Karadeniz İsyandadır LA !
Behzat Ç “bir Ankara polisiyesi” dizisinin 20 Şubat 2011 günü yayınlanan bölümünde, Bahar karakterinin mensup olduğu örgütün bürosunda, bizlerin 6 Ocak 2011 günü Çevre ve Orman Bakanı’nın katıldığı programı protesto etmek için yazdığımız “Yasalarınız Geçse de HES’leri Geçirtmeyeceğiz – Karadeniz İsyandadır” pankartının, döviz şeklinde masada durduğunu gördük. Ne olduğunu çözmeye çalışırken, dizinin ilerleyen dakikalarında Bahar ve arkadaşlarının HES karşıtı bir eylem düzenlediğini fark ettik. Okunan basın açıklamasında “yaşam savunuculuğu”, “kapitalizmin müdahalesi karşısında uzlaşmaz olmak”, “HES’lere ve daha fazlasına hayır” gibi ibareleri duyunca televizyon karşısında yüzümüzde bir anlık bir gülümseme belirdi. Yaşam savunucularının dertlerine kulak verilmesi, kamuoyunun gündemine oturan HES karşıtı anti-kapitalist yaşam mücadelesinin bu şekilde de gündeme getirilmesi bizleri mutlu etti.
Dizide kurgulanan basın açıklaması sonrası eylemcilerin meclise yürümek istemeleri üzerine polis müdahalesiyle karşılaşmaları, Emniyet müdür yardımcısının, kadın eylemcilerden birine “canım” demesiyle kıyamet kopması ve eylemcilerin gözaltına alınması, bizlerin birçok kere maruz kaldığımız sahneleri hatırlamamıza neden oldu. Örneğin Loç Vadililerin şirket önünde 28 gün süren oturma eyleminde polisin Loç’lu kadınlara “Sizin eviniz yok mu? Evinize gidip yemek yapsanıza” demesiyle dizide polisin eylemci kadına “canım” diye hitap etmesi aynı zihniyetin ürünüdür. Dizideki bu sahneyle, provokatör polis zihniyeti minimalize edilerek ekranlara taşınmıştır.
Peki ya sonrası?
Dizide eylemciler itiş kakış gözaltına alınır alınmasına ama gerçekte yaşadıklarımız bu kadarla mı kalmaktadır?
Örneğin geçtiğimiz günlerde Trabzon’da KTÜ öğrencileri Çevre ve Orman Bakanı’nı protesto etmek istemişler, bunun neticesinde yerlerde sürülmüşler, yetmezmiş gibi polis otobüsü içerisinde şiddet ve işkence görmüşlerdir.

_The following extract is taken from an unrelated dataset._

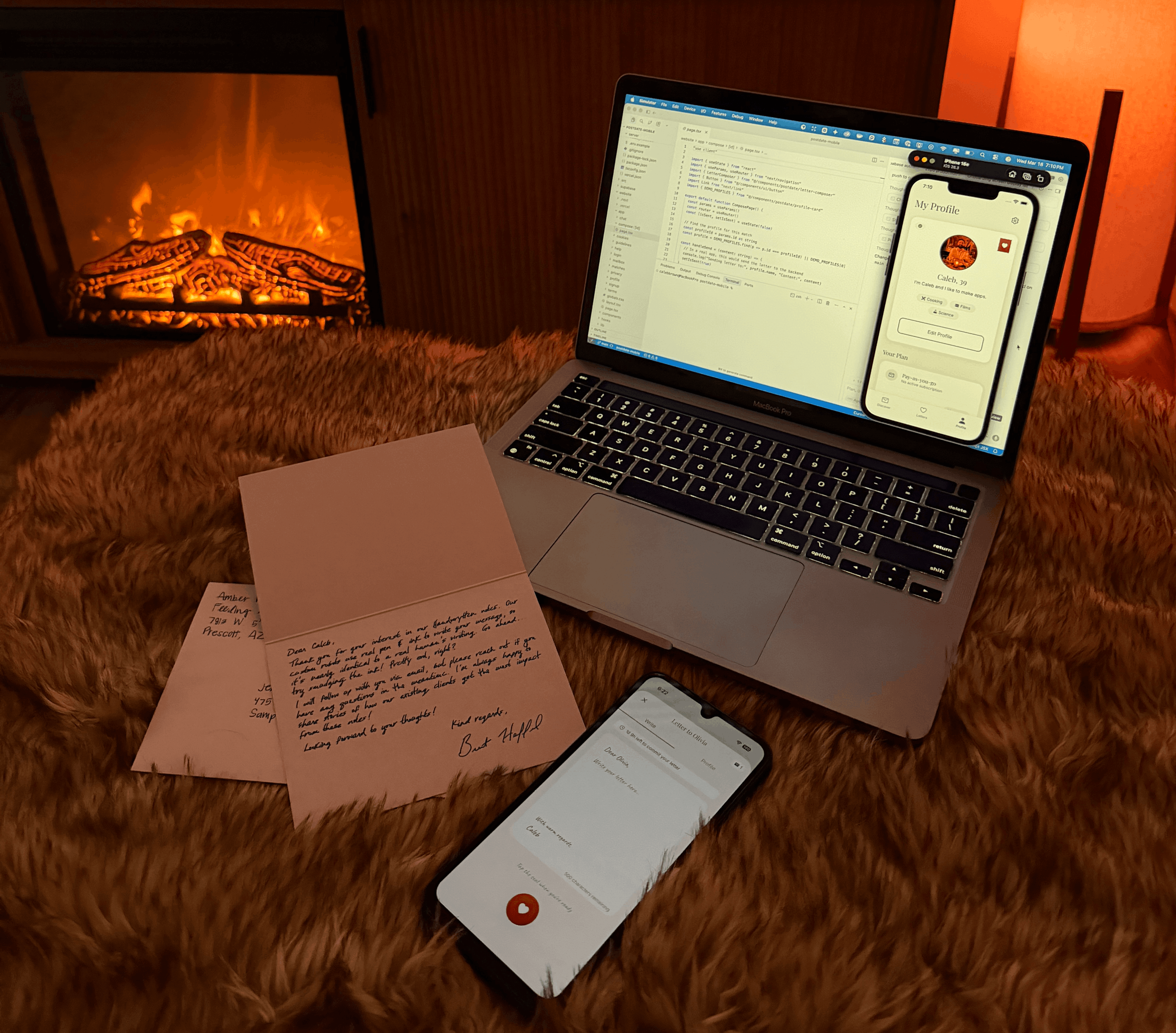 Postdate is a dating app where your first message arrives as a real letter. Users match in the app, write their first message digitally, and Postdate prints and mails it to their match while keeping both mailing addresses private; once the letter arrives, the connection continues in-app.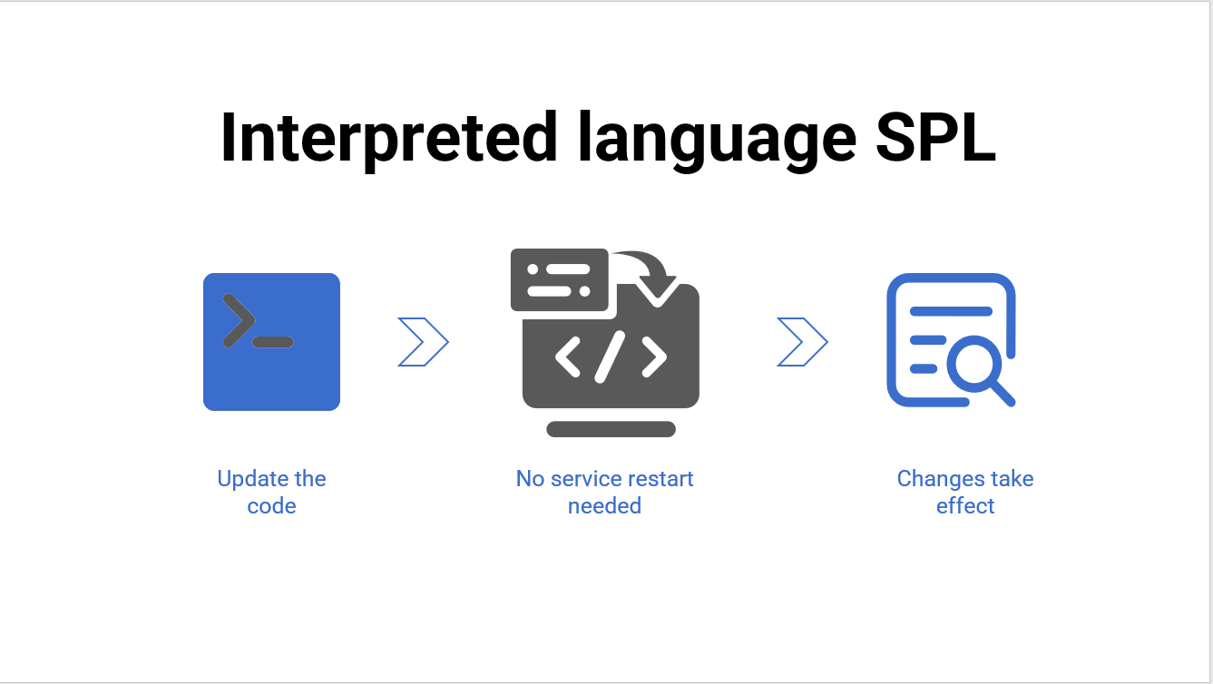SPL is an interpreted language that inherently supports hot swapping while power remains switched on. Modified code takes effect in real-time without requiring service restarts. This makes SPL well adapt to dynamic data processing requirements.

Karikatürize edilmiş müdahale anını canlandırmak teknik olarak belki daha kolaydır ya da daha fazlasını canlandırmak dizinin kaderini bir şekilde etkileyebilir, yayından kaldırılmasına neden olabilir. Bu kaygıları anlamakla beraber, Bahar karakterinin ifadesi alındıktan sonra bırakılmasını telefon ile bildiren Behzat Amir’dir. Gerçek hayatta bizler Bahar karakteri kadar şanslı olamıyoruz ne yazık ki!
Öte yandan Behzat Ç. karakterinin, Bahar’ın gözaltına alındığını öğrendiği sahnede Harun Komiser’in HES’i “hak-eşitlik-sol” şeklinde bir örgüt ismi sanması ve amiri tarafından “gazete oku lan” şeklinde uyarılması, HES’lerin günümüzde toplum tarafından hâlâ daha bilinmediği gerçeğine gönderme yapmaktadır.

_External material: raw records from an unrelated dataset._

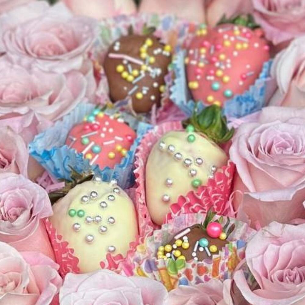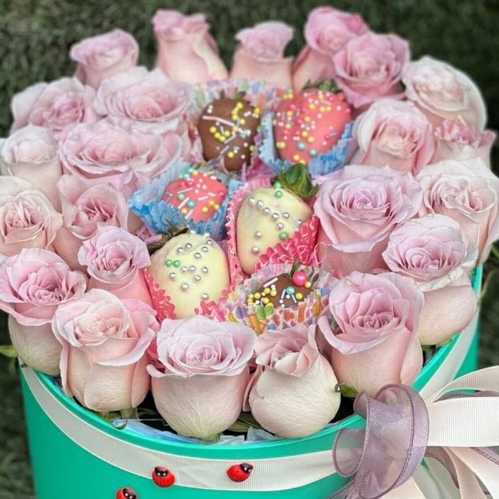 Вкуснейшая клубника в шоколаде в сочетании с нежными розами станут изысканным подарком для ваших близких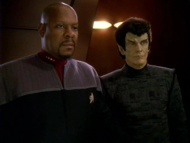 Sisko at this point is getting nervous, as Senator Vreenak comes to the station in a cloaked Romulan shuttle (with no one other than Sisko and Garak aware that he's there). Before Sisko greets Vreenak, Garak tells him he plans to inspect the Senator's ship covertly (for anything "useful"), and leaves. Upon arrival in the shuttle bay, Vreenak smugly exchanges greetings with Sisko, taking great pleasure in egotistically dressing him down for how poorly the Federation Alliance is faring in its war with the Dominion so far.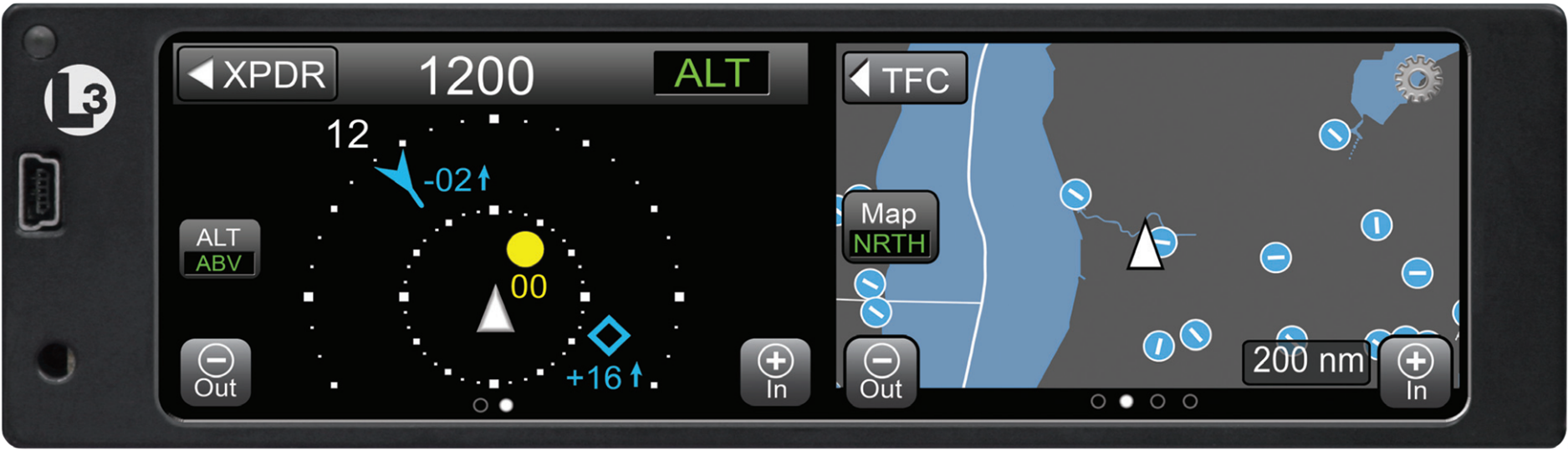 - 978 / 1090 MHz dual-band receiver provides traffic and weather

Dizinin beslendiği kitabın yazarı ve senaristi Emrah Serbes’in ve dizinin genel yönetmeni Serdar Akar’ın toplumsal olaylara duyarlılığını ve muhalif kimliğini biliyoruz. Bundan önceki bölümlerde Hrant Dink suikastının canlandırılması ve gönderme yapılması bunun en önemli örneklerindendir.

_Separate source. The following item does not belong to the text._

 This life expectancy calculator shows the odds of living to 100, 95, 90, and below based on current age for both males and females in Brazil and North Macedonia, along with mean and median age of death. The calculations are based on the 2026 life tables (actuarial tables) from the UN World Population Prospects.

HES karşıtı yaşam mücadelesinin belli bir izleyici kitlesi olan bir dizide kamuoyuna aktarılmasını elbette önemli buluyoruz. Bu duygu ve düşüncelerle dizide emeği geçen herkese duyarlılıkları için teşekkür ediyoruz. Ancak HES karşıtı mücadele bundan sonra da dizide gündeme getirilirse atılan sloganların ve müdahale anlarının daha gerçekçi olmasını temenni ediyoruz.